■ PROBLEM REQUIREMENTS:
Every entry is to be restated exactly; pictures are not part of the copy.

■ SUPPLIED ENTRIES:

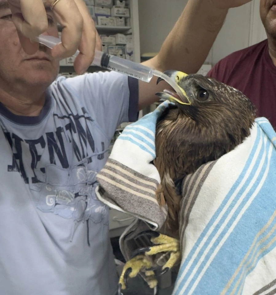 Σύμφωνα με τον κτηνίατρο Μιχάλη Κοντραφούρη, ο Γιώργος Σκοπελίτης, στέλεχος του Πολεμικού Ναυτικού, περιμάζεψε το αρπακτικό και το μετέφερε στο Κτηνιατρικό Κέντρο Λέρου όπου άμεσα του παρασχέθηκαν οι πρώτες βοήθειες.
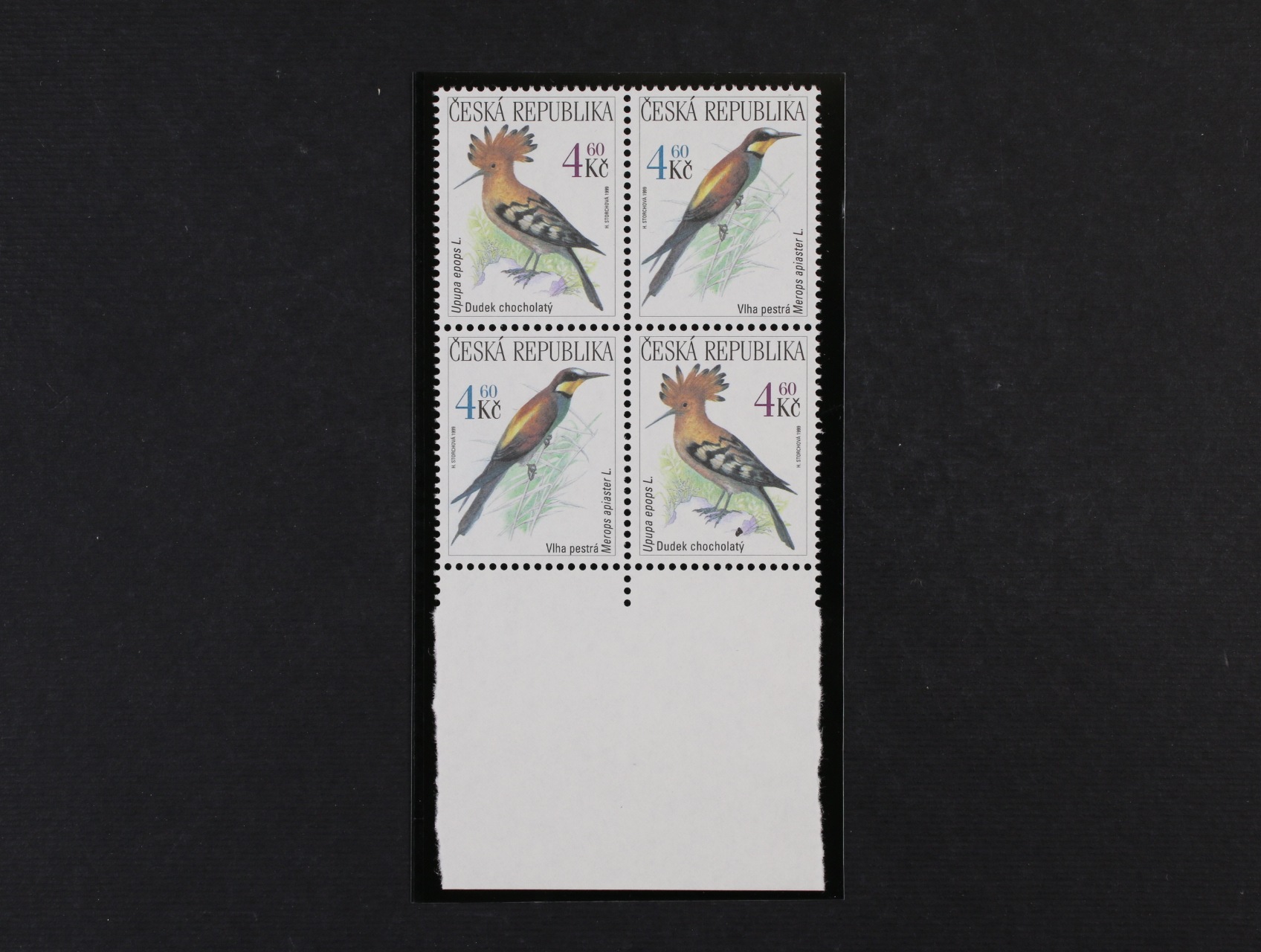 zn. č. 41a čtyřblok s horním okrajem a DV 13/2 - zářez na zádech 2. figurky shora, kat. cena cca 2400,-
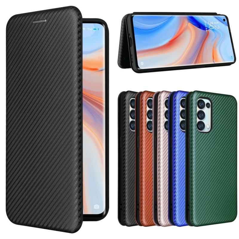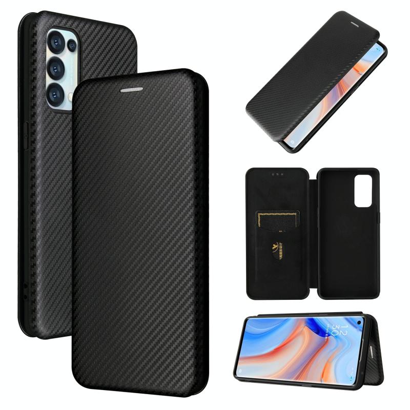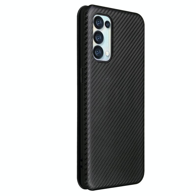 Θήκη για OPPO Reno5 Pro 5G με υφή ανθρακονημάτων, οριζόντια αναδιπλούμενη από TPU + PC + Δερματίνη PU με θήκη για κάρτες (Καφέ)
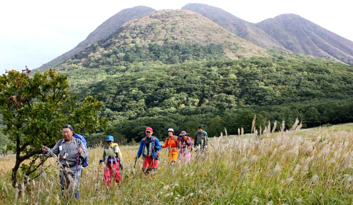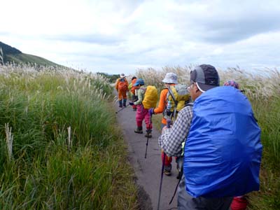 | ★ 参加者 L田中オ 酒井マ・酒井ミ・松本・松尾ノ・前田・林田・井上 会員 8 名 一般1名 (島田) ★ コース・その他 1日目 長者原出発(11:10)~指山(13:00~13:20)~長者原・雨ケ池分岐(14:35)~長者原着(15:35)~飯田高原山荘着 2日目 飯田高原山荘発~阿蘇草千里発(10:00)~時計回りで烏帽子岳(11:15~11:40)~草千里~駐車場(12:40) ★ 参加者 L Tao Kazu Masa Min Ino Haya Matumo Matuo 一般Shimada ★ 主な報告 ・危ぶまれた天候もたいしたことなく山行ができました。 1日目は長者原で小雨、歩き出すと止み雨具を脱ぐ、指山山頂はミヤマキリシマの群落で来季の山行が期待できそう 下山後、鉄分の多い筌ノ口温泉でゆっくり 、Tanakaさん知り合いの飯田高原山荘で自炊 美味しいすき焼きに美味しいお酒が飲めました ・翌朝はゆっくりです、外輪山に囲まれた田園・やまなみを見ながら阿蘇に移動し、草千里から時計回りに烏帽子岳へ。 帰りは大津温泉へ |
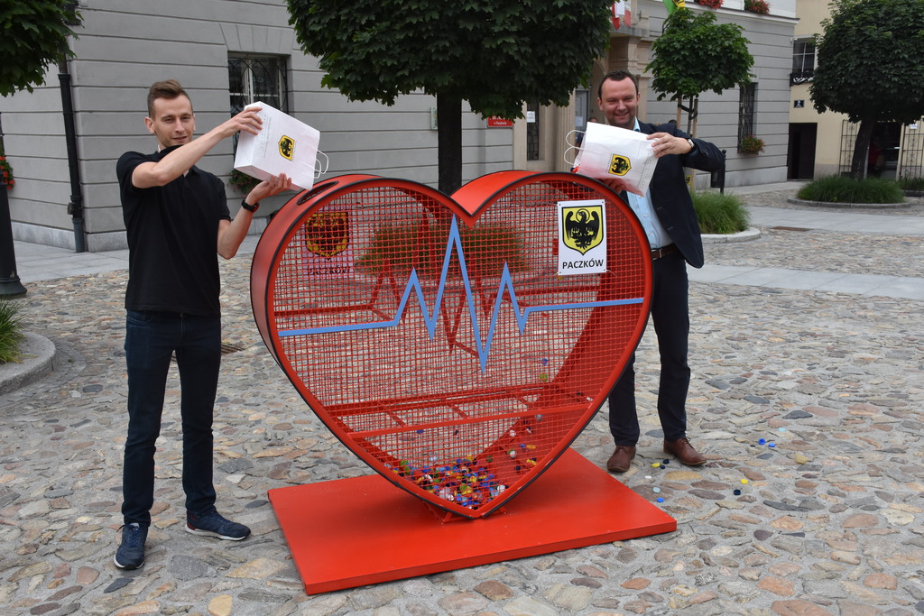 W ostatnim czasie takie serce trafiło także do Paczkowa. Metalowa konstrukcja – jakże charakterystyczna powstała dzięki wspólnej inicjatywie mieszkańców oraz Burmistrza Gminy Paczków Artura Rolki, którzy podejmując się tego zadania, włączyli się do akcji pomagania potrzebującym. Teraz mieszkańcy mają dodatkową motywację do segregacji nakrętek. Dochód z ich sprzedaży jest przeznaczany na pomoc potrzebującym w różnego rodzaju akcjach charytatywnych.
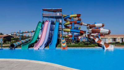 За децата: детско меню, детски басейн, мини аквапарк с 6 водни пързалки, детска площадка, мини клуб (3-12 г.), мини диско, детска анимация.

■ EXPECTED OUTPUT:
 Σύμφωνα με τον κτηνίατρο Μιχάλη Κοντραφούρη, ο Γιώργος Σκοπελίτης, στέλεχος του Πολεμικού Ναυτικού, περιμάζεψε το αρπακτικό και το μετέφερε στο Κτηνιατρικό Κέντρο Λέρου όπου άμεσα του παρασχέθηκαν οι πρώτες βοήθειες.
 zn. č. 41a čtyřblok s horním okrajem a DV 13/2 - zářez na zádech 2. figurky shora, kat. cena cca 2400,-
 Θήκη για OPPO Reno5 Pro 5G με υφή ανθρακονημάτων, οριζόντια αναδιπλούμενη από TPU + PC + Δερματίνη PU με θήκη για κάρτες (Καφέ)
 | ★ 参加者 L田中オ 酒井マ・酒井ミ・松本・松尾ノ・前田・林田・井上 会員 8 名 一般1名 (島田) ★ コース・その他 1日目 長者原出発(11:10)~指山(13:00~13:20)~長者原・雨ケ池分岐(14:35)~長者原着(15:35)~飯田高原山荘着 2日目 飯田高原山荘発~阿蘇草千里発(10:00)~時計回りで烏帽子岳(11:15~11:40)~草千里~駐車場(12:40) ★ 参加者 L Tao Kazu Masa Min Ino Haya Matumo Matuo 一般Shimada ★ 主な報告 ・危ぶまれた天候もたいしたことなく山行ができました。 1日目は長者原で小雨、歩き出すと止み雨具を脱ぐ、指山山頂はミヤマキリシマの群落で来季の山行が期待できそう 下山後、鉄分の多い筌ノ口温泉でゆっくり 、Tanakaさん知り合いの飯田高原山荘で自炊 美味しいすき焼きに美味しいお酒が飲めました ・翌朝はゆっくりです、外輪山に囲まれた田園・やまなみを見ながら阿蘇に移動し、草千里から時計回りに烏帽子岳へ。 帰りは大津温泉へ |
 W ostatnim czasie takie serce trafiło także do Paczkowa. Metalowa konstrukcja – jakże charakterystyczna powstała dzięki wspólnej inicjatywie mieszkańców oraz Burmistrza Gminy Paczków Artura Rolki, którzy podejmując się tego zadania, włączyli się do akcji pomagania potrzebującym. Teraz mieszkańcy mają dodatkową motywację do segregacji nakrętek. Dochód z ich sprzedaży jest przeznaczany na pomoc potrzebującym w różnego rodzaju akcjach charytatywnych.
 За децата: детско меню, детски басейн, мини аквапарк с 6 водни пързалки, детска площадка, мини клуб (3-12 г.), мини диско, детска анимация.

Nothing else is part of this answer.